The market, these days, seems less enamoured of the Nestor of the JSE’s broader tech sector, Altron. In fact, the market has seemed distinctly undecided, looking at the share price spikes in early January and late May this year.
The share is down more than 20% since the end of May and it’s worth watching for further weakness after the release of mixed interim numbers this month. Punters may, justifiably, argue that slow burners such as Datatec, fast-recovering iOCO and the sprightly Karooooo look like more compelling tech-flavoured options. I can’t disagree. But Altron, for the patient investor, holds some promise in its key business segments and, I think, some interesting optionality on the dealmaking front.
It’s not been the best time for Altron, with its share price down 11%, 17% and 9% respectively across 12 months, six months and three months. The share is now settled closer to its R16.50 12-month low than its R25 annual high. While the interim performance was nothing to write home about, the strident growth in dividends stands out. The interim payouts have grown since the first half of the 2024 financial year from 25c a share to 40c in 2025, and now 48c for the 2026 interim period. Those are confident increases that suggest management is banking on a sustained building of margins, market share and operating cash flows.
Altron CEO Werner Kapp talked of a “high-performance culture” — not a term casual observers would apply to Altron, especially those (myself included) who viewed the tech conglomerate as ripe for a breakup, with a separate listing for the Netstar vehicle tracking and fleet management business. The body language at the investor presentation suggested that the centre will hold at Altron, even if some market watchers might still bristle at the stark contrast in the margins of the platform businesses (Netstar and fintech) at 22% and IT services at a paltry 7%.

Of course, Netstar remains key to Altron’s short- to medium-term fortunes. Though Karooooo, the owner of Cartrack, is still setting a cracking pace, the overall picture at Netstar no longer induces as many winces as in previous years. Subscribers are up 11% to 2.1-million, with annuity revenue at 90%. While the churn rate edged up to 18% (17%), the ebitda margin was a well-reinforced 44%. Kapp said Netstar is “exceptionally well positioned for growth”, and reported that the Australian segment is expected to break even by the end of the financial year.
The overall picture at Netstar no longer induces as many winces as in previous years
The very promising fintech segment was in fine fettle too, but the gloss came off with a horrible fizzle at Altron Digital Business (ADB), which hurtled into the red. Kapp said the first quarter (March to end-May) was “probably the worst order intake I’ve seen in IT for a really long time”. At least Altron executives took the opportunity to take out about R150m in costs at ADB, but that did not stop investors asking why this business had underperformed so badly against a listed peer such as iOCO.
Predictably, questions were also raised about whether ADB really belonged in the group, its cyclical nature putting it at odds with the high annuity flows of Netstar and the fintech segment.
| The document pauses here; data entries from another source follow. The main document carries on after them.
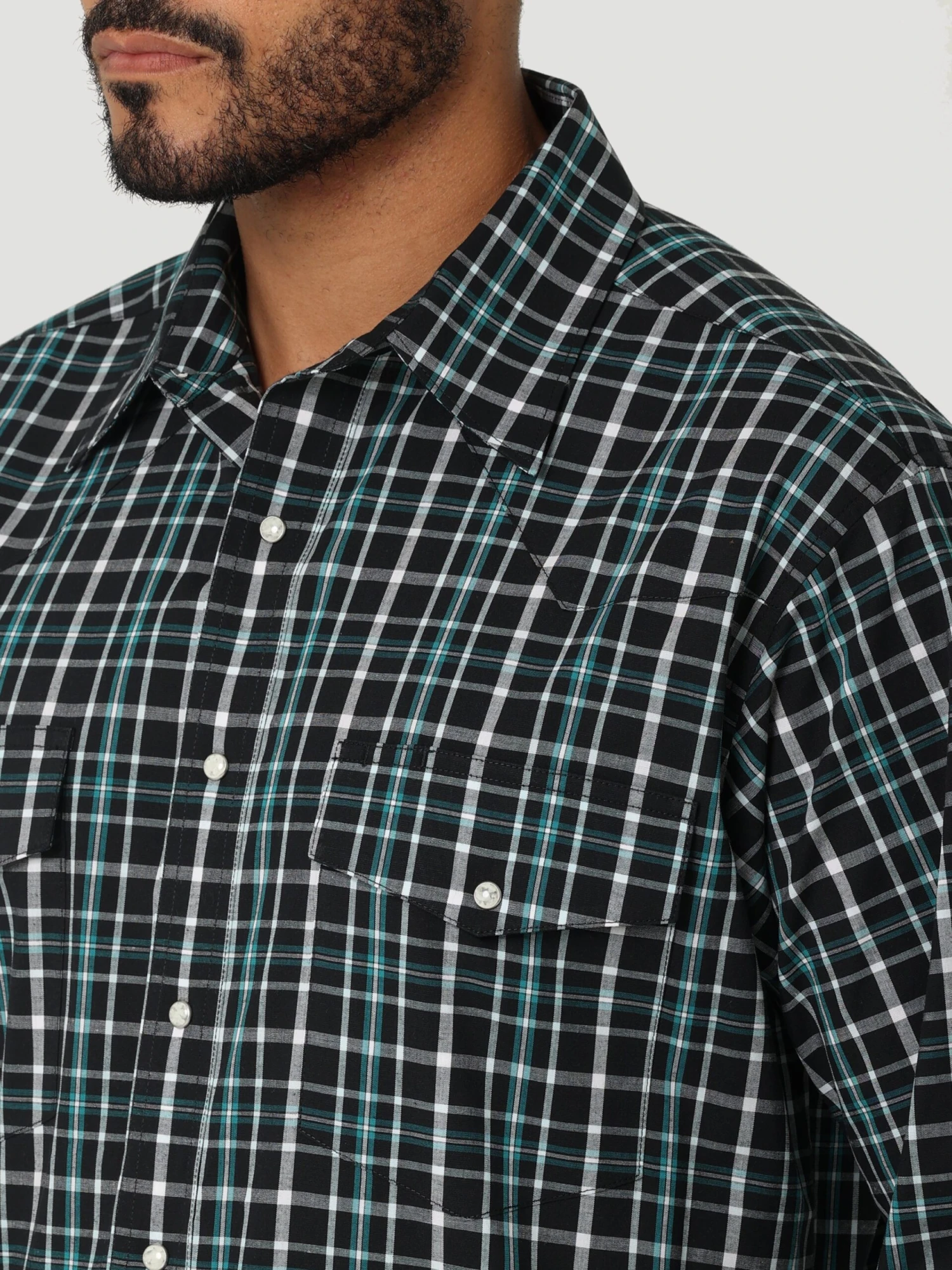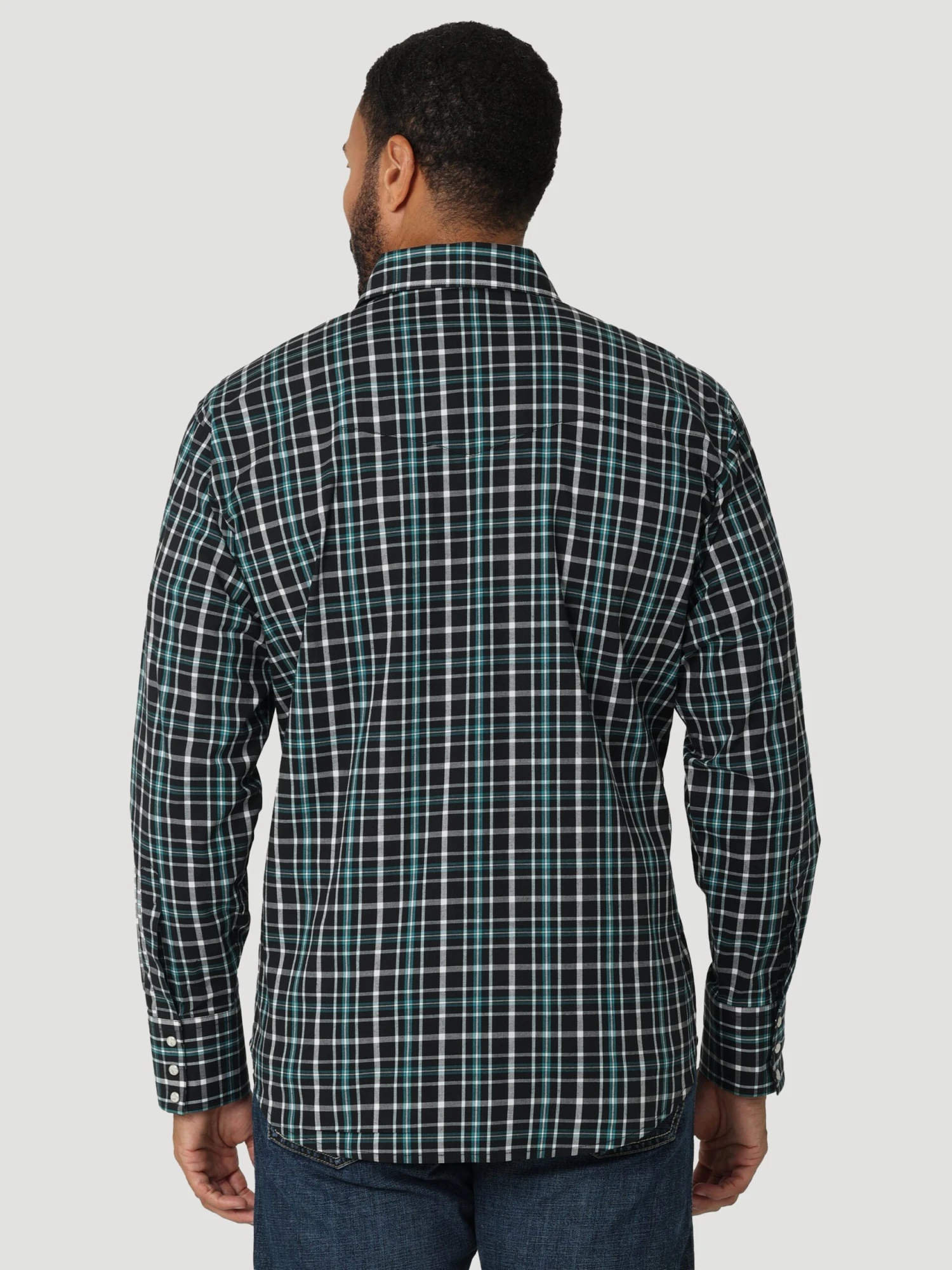 Black and Dark Teal Plaid Long Sleeve Wrinkle Resist Relaxed Fit Snap Front Shirt.
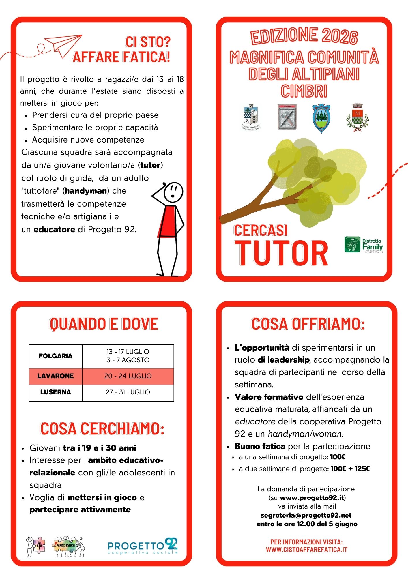 - Candidature: invio del CV a segreteria@progetto92.net entro le ore 12:00 del 5 giugno 2026
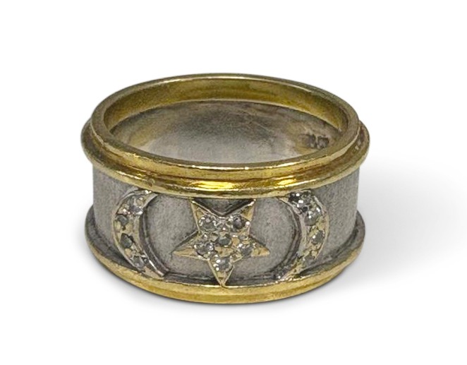 Pave set to centre in a star formation with 0.15 carats of round brilliant cut diamonds, colour H, clarity VS, in 18ct white and yellow gold, size J, 6,3g all in
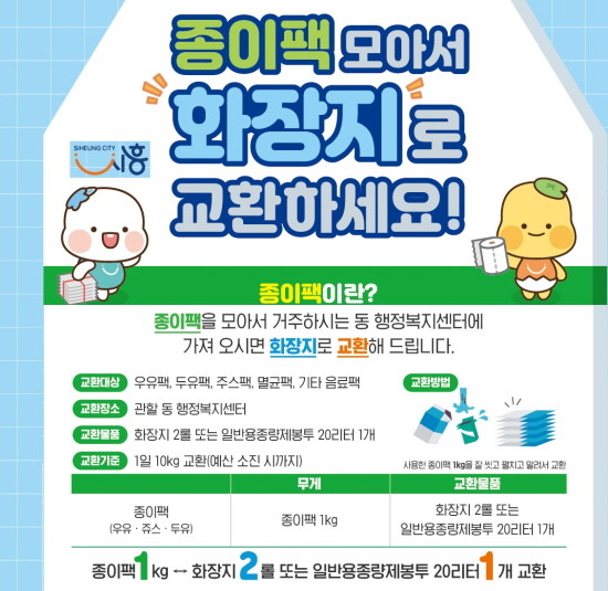 시흥시, 종이 팩 모아서 ‘화장지ㆍ종량제 봉투’로 교환하자
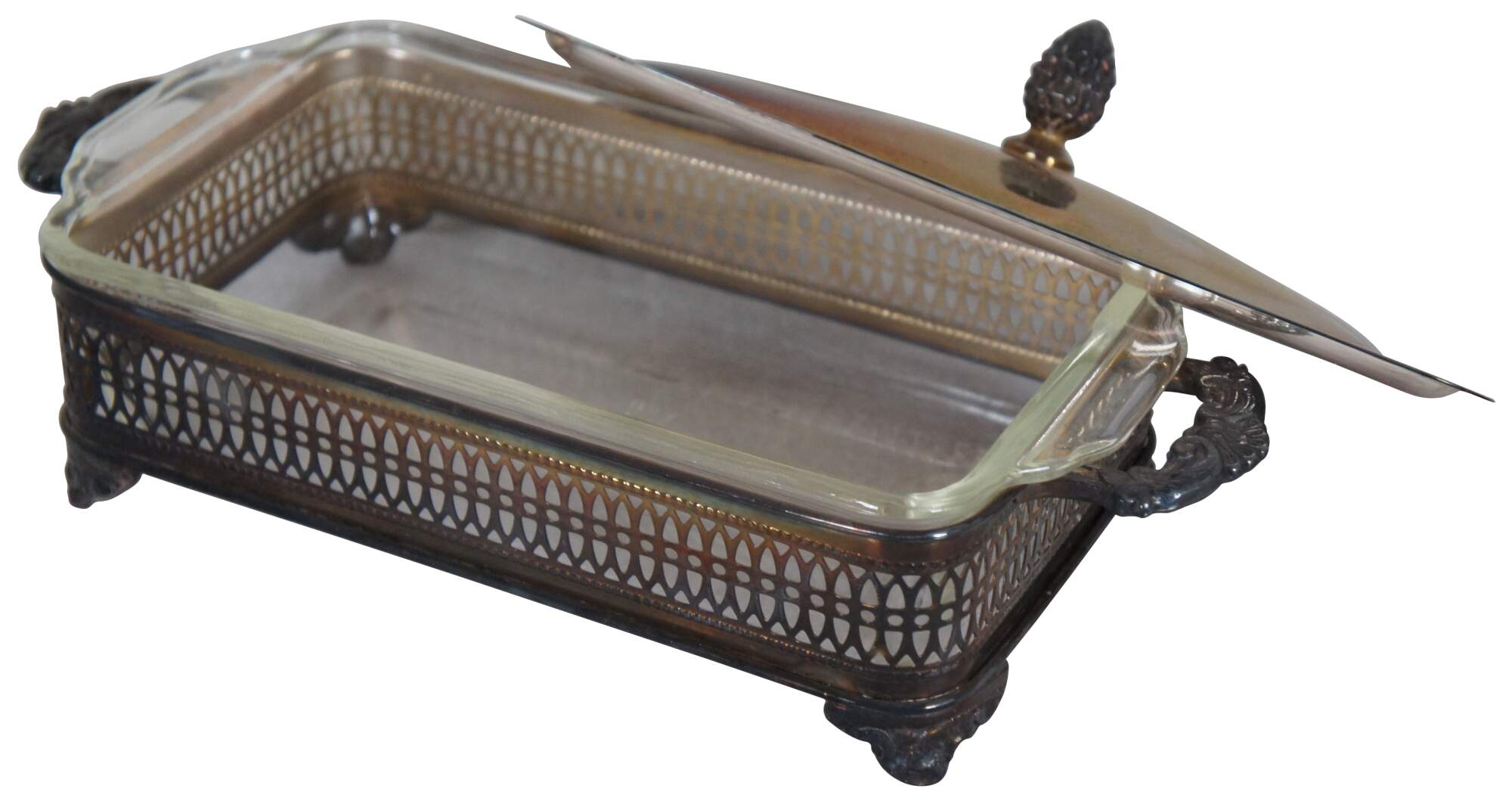 Vintage mid century Sheffield Silver Company rectangular lidded and footed silver plate vegetable serving dish with 1 Qt Fire-King glass insert. Features an open bottom, pierced sides, scalloped handles and pine cone finial. “Brooklyn NY Incorporated in 1908. Trademark registered in 1919. Became a division of Reed & Barton Silversmiths in 1974.”
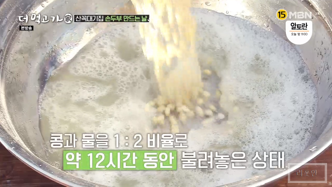 콩과 물을 1:2 비율로 약 12시간 동안 불려 놓습니다.
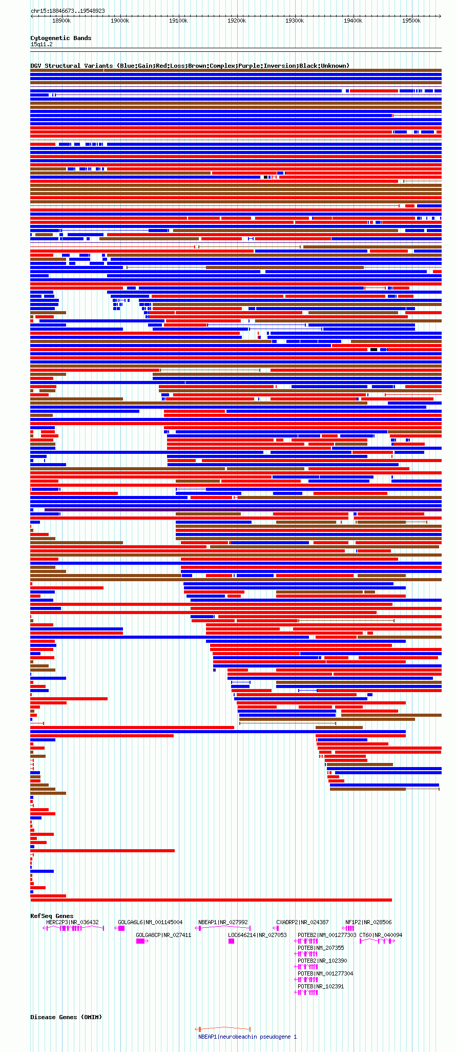 Variant DetailsVariant: nsv1036181| Internal ID | 19125400 | | Landmark | | | Location Information | | | Cytoband | 15q11.1 | | Allele length | | Assembly | Allele length | | hg38 | 697530 | | hg19 | 697606 | | hg18 | 702251 |
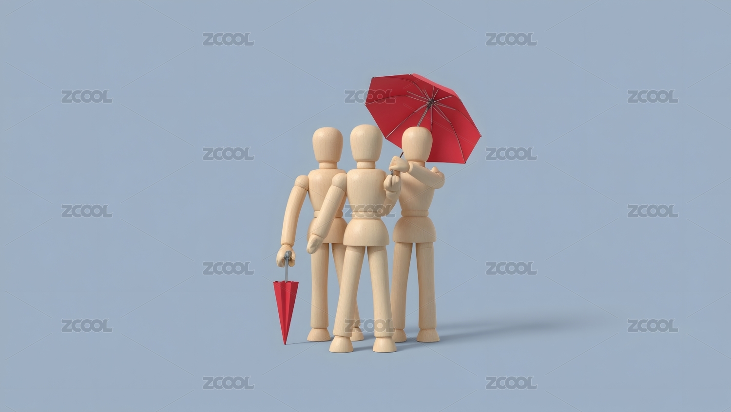 一家四口在雨中伞下——商人保护家人,保险的概念
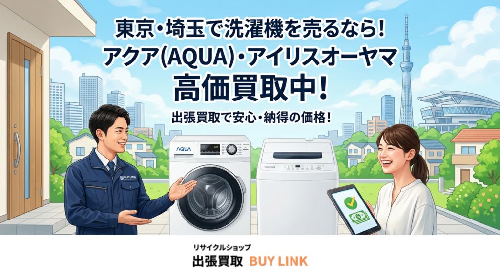 東京・埼玉でご不要になったアクア(AQUA)やアイリスオーヤマの洗濯機の売却をご検討中ですか?「出張買取は初めてで不安」「少しでも高く売りたい」とお考えなら、家電の出張買取を専門とするリサイクルショップBUY LINKにお任せください。
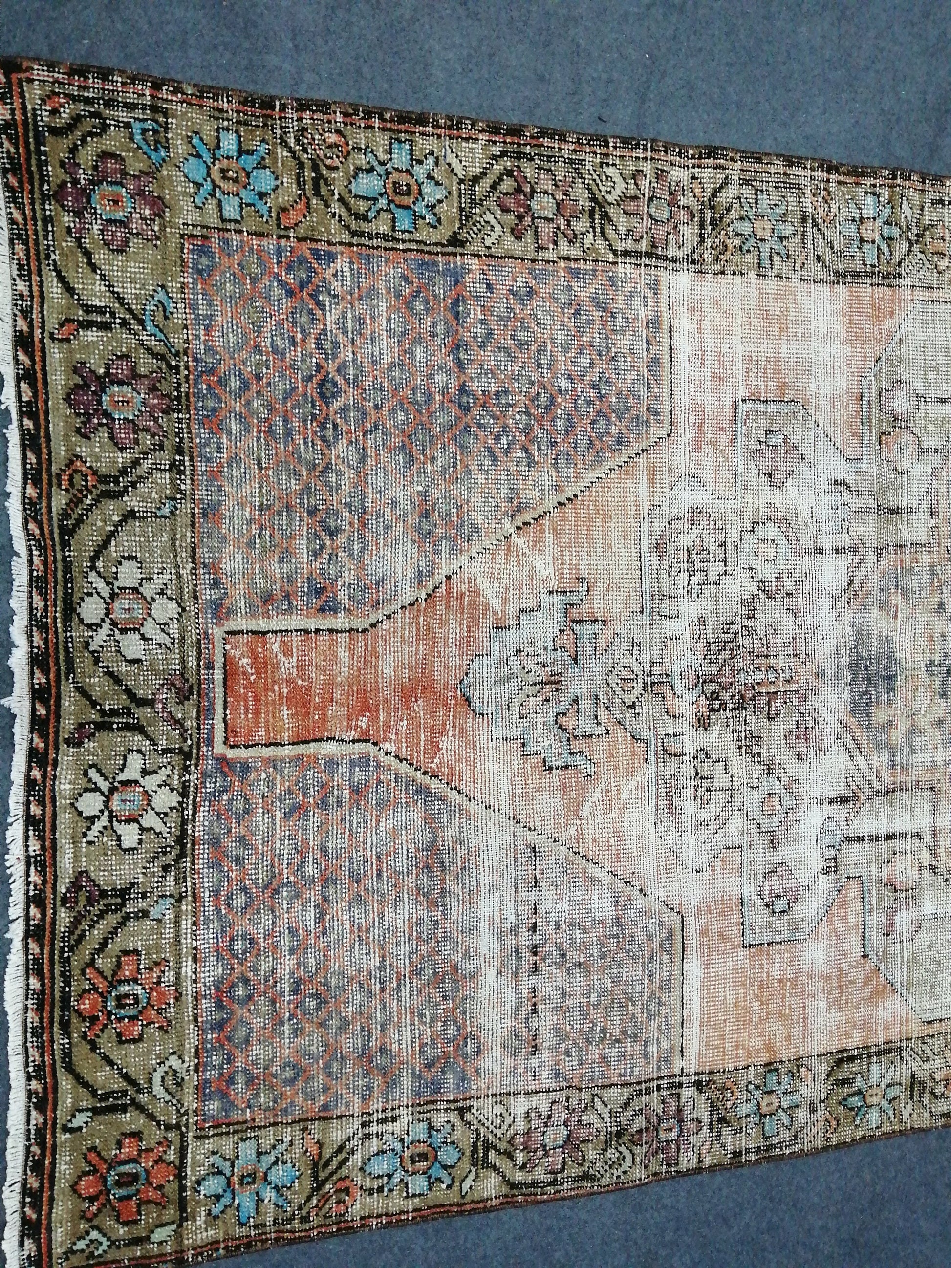*A vintage handmade Turkish rug made of hand spun wool and double knotted on sturdy foundation,
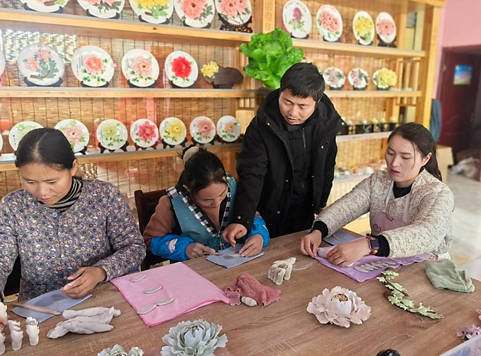 In one workshop, artisan Li Changsuo teaches apprentices how to craft porcelain pieces shaped like peonies. "Heze's peony porcelain combines centuries-old ceramic craftsmanship with local floral culture," Li said, adding that an array of products has been launched for the blooming season.
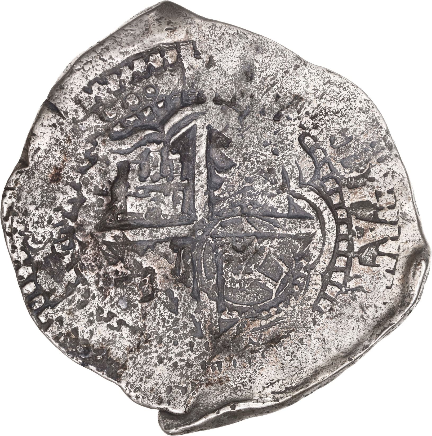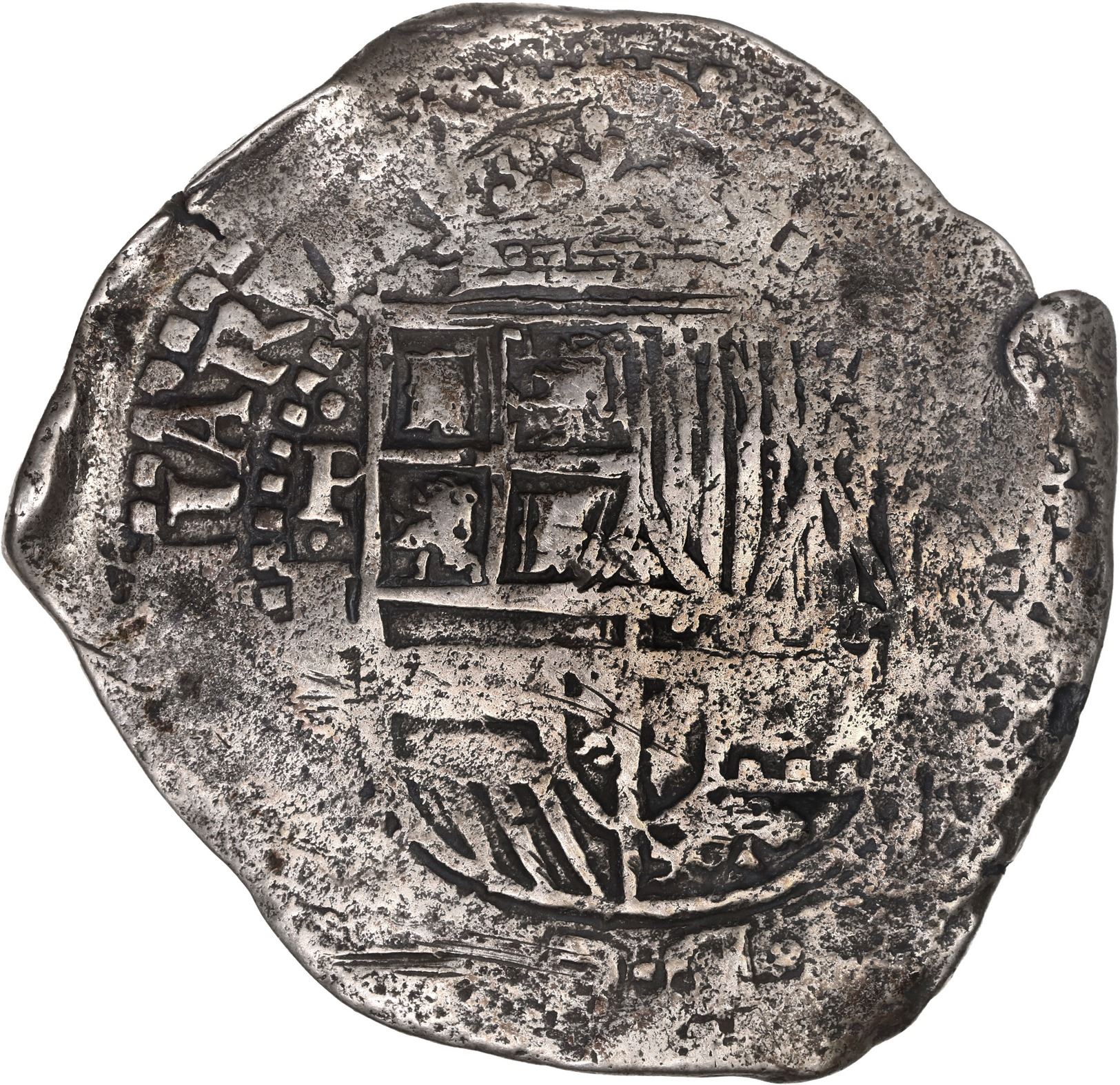 BOLIVIA, Potosí, cob 8 reales, (1651) E, three dots after date (extremely rare), with crowned-L countermark on cross. S-P36; KM-19b; Cal-1491. 24.82 grams. Rather broad flan extending past the outer border in places (parts of edge crude as made), full shield and cross, the former with clear P-E to left and the latter with full and clear countermark, date not visible but with series of three dots at 11 o'clock matching Mastalir's IIIBe2 (this perhaps only the second example known), unevenly toned, some light surface corrosion. Pedigreed to the Ponterio sale #106 of April 7-8, 2000, with original lot-tag 995. Recovered from: Capitana, sunk in 1654 off Chanduy, Ecuador
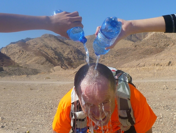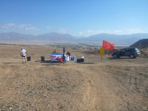 Wir laufen nur ein Stück den Roded Creek zurück. Noch vor Km 31 biegen wir Richtung Eilat ab. Ich beobachte freundliche Helfer, die die herumliegenden Wasserflasche einsammeln. Insgesamt sollen 4.000 Helfer im Einsatz sein. Ihnen gebührt Dank. Stundenlang in praller Sonne ohne Schatten zu stehen, ist auch eine Leistung.

Interestingly, investors at the presentation were also keen to know whether Altron had looked at possible deals with complementary fintech/tech businesses such as Bank Zero, iOCO and Jumo. Yes, it had … along with a number of other acquisition possibilities. But the executives warned against dealmaking fomo, saying: “If there is no strategic rationale, we don’t even look at the numbers.”
Altron, in the meantime, seems very excited about its AI Factory — the first in Africa and a possible game-changer that comes, I’m glad to see, without a hefty capital expenditure burden (a mere R20m has been spent on infrastructure). Still, I would not bet against Altron beefing up its fintech offering in the medium term or seeking deals to smooth out ADB’s performance. Araxi (formerly Capital Appreciation) and 4Sight spring to mind. Another year of downward drift in the share price might well see Altron’s major shareholders, including Value Capital Partners, stirring things up.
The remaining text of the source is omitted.